Catastrophic Health Insurance

By | April 19, 2011

Another way to look at high deductible insurance plans is by thinking of them as catastrophic health insurance. The concept behind the catastrophic health insurance plan is the same as your car insurance.

Let’s say you had a flat tire, the insurance company is not going to cover the costs of a new tire and labor. However, if you get into an accident the insurance company will pay for the repairs to your car.

A catastrophic health insurance plan works the same way. Instead of forking over the bill to the health insurance companies for every doctor visit. You would pay for the doctor visits out of pocket for those very minor aches and pains.

For example, if you came down with the cold and wanted to get some prescription medication from your doctor, with a catastrophic health insurance plan you would be expected to pay the doctor’s visit and all-expense associated with that visit out of pocket.

Now let’s say you wake up one morning and you feel a sharp pain and pointing pain in your stomach. Throughout the day the pain just keeps getting worse and worse, so you decide to visit the doctor. The doctor says that you have appendicitis and your appendix needs to be removed ASAP. Well without any type of health insurance the cost of surgery and one night stay at the hospital will cost your anywhere from $100,000 to $200,000. But if you had a catastrophic health insurance plan your surgery costs would be covered after you have paid your deductible.

Why a catastrophic health insurance plan and not the traditional health insurance plans?

The reasoning behind a catastrophic health insurance plan is simple, lower, and affordable premiums.

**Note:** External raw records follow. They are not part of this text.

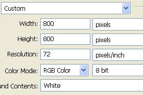 Kliknite na File in izberite New... V polje Width določite 800 pixels in Height 800 pixels. Velikost dokumenta lahko določite tudi poljubno. Background Contents določite White in kliknite na gumb OK. |
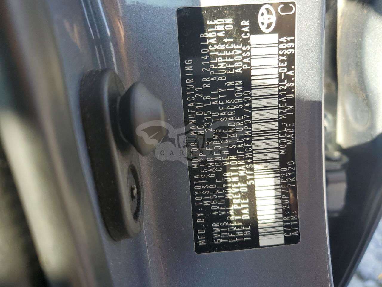 • VIN: 5YFS4MCE4MP077400
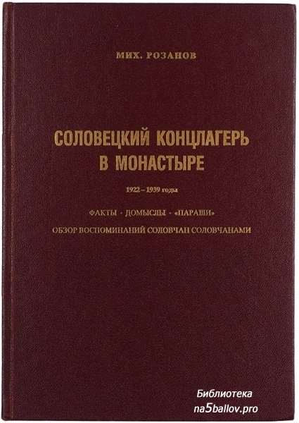 Розанов Михаил. Соловецкий концлагерь в монастыре. 1922-1939. Факты - домыслы - параши. Обзор воспоминаний соловчан соловчанами. В 2 кн. и 8 ч. - США: Издание автора (США), 1979. Кн. 1 (ч. 1-3).
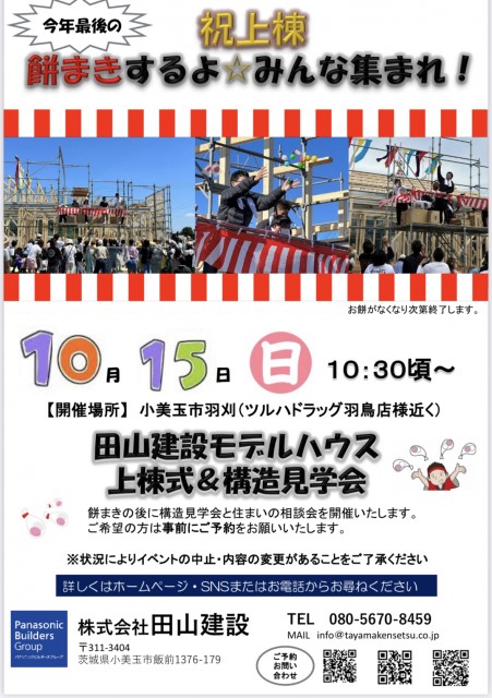 15日は上棟祝の餅まきの日だというのに天気予報は朝から雨なんです。
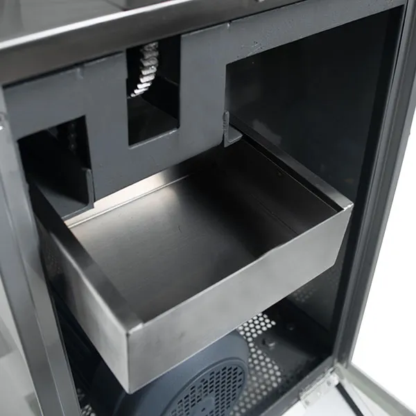 - Электрический щит управления закрывается на ключ, что исключает доступ неавторизованного персонала. Короб защищает от попадания в узел посторонних включений (мука, грязь, вода и т.д.).
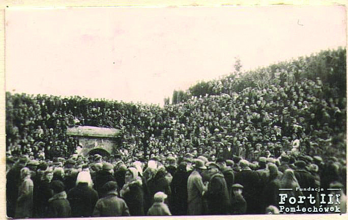 W kwietniu 1945 r. odbyły się na Forcie III w Pomiechówku spontaniczne ekshumacje. Ze zdarzenia powstały okolicznościowe albumiki ze zdjęciami – do objerzenia w galerii zdjęć na www.forttrzecipomiechowek.org. Na jednym ze zdjęć widać kolumnę ludzi maszerującą (w domyśle) na Fort
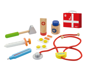 Medical kit – a convenient doctor’s case with metal handle and clasp. It includes everything needed for your little doctor to enjoy hours of fun. Includes stethoscope, capsules, tablets, thermometer,syringe, medicine bottle, cream bottle and hammer. Each detailed wooden piece has been hand crafted and painted to look very realistic.
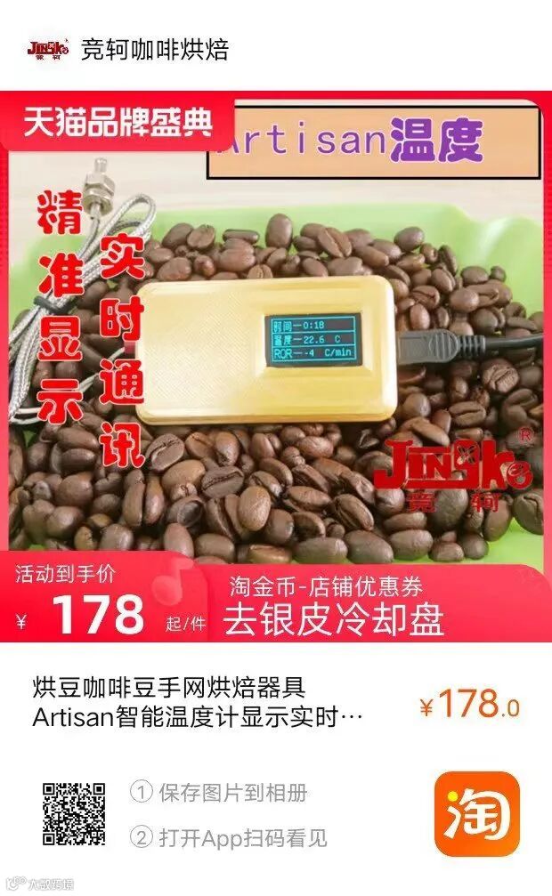 (插播一段广告,如果你们的烘焙机没有Artisan曲线显示功能或只是简单的手网烘焙想要显示和记录曲线,可以来考虑一下大魁最新研发的Artisan小金砖温度计,本身有显示的同时还可以与Artisan通讯实现烘焙曲线的显示和记录功能。性价比很高哦,远超市场上其它的同类产品。:D)备注 “来自咖啡烘焙工匠” 还可以享受免费的技术支持哦。扫描下方淘宝链接即可购买。
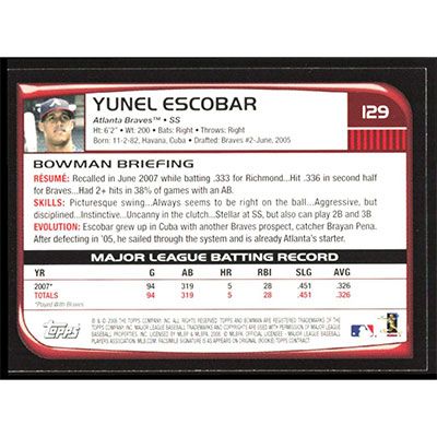 This is a 2008 Bowman Yunel Escobar baseball card. The card is #129 and pictures show condition.
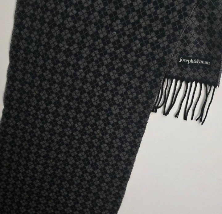Cozy up with this stylish Joseph & Lyman scarf! It features a classic black and grey pattern, perfect for adding a touch of sophistication to any outfit. The scarf is in great condition and ready to keep you warm this season

A healthy 20-year-old male would expect to pay around $200 dollars a month for health insurance. The same male would expect to pay around $50 dollars a month for catastrophic health insurance.

Let’s run a quick scenario for this healthy male. This male wakes up one morning and is not feeling to well, he decides to visit the doctor. He goes to the doctor and pays his co-pay (assuming he has traditional health insurance) of $10.

For the rest of the year, this male visits the doctor maybe 3 more times. So adding up his health care costs minus the cost of medication for the year it comes out to 12×200 (for the premium) + 4×10 (for the co-pay each time)= $2440 a year.

Now let’s say this same male has catastrophic health insurance. An average visit to the doctor costs about $200 dollars out of pocket. So if this person had catastrophic health insurance then his health care costs for the year would amount to 4×200 (for the doctor visits paid out of pocket) + 12×50 (catastrophic health insurance premiums for the year) = $1400.

As you can see the catastrophic health insurance plan is a money saver. However, for people who visit the doctor often, they will find that the catastrophic health insurance plans are pricier than the traditional health insurance plans.

So, if you are a healthy person and know that you do not visit the doctor than often then a catastrophic health insurance plan is perfect for you.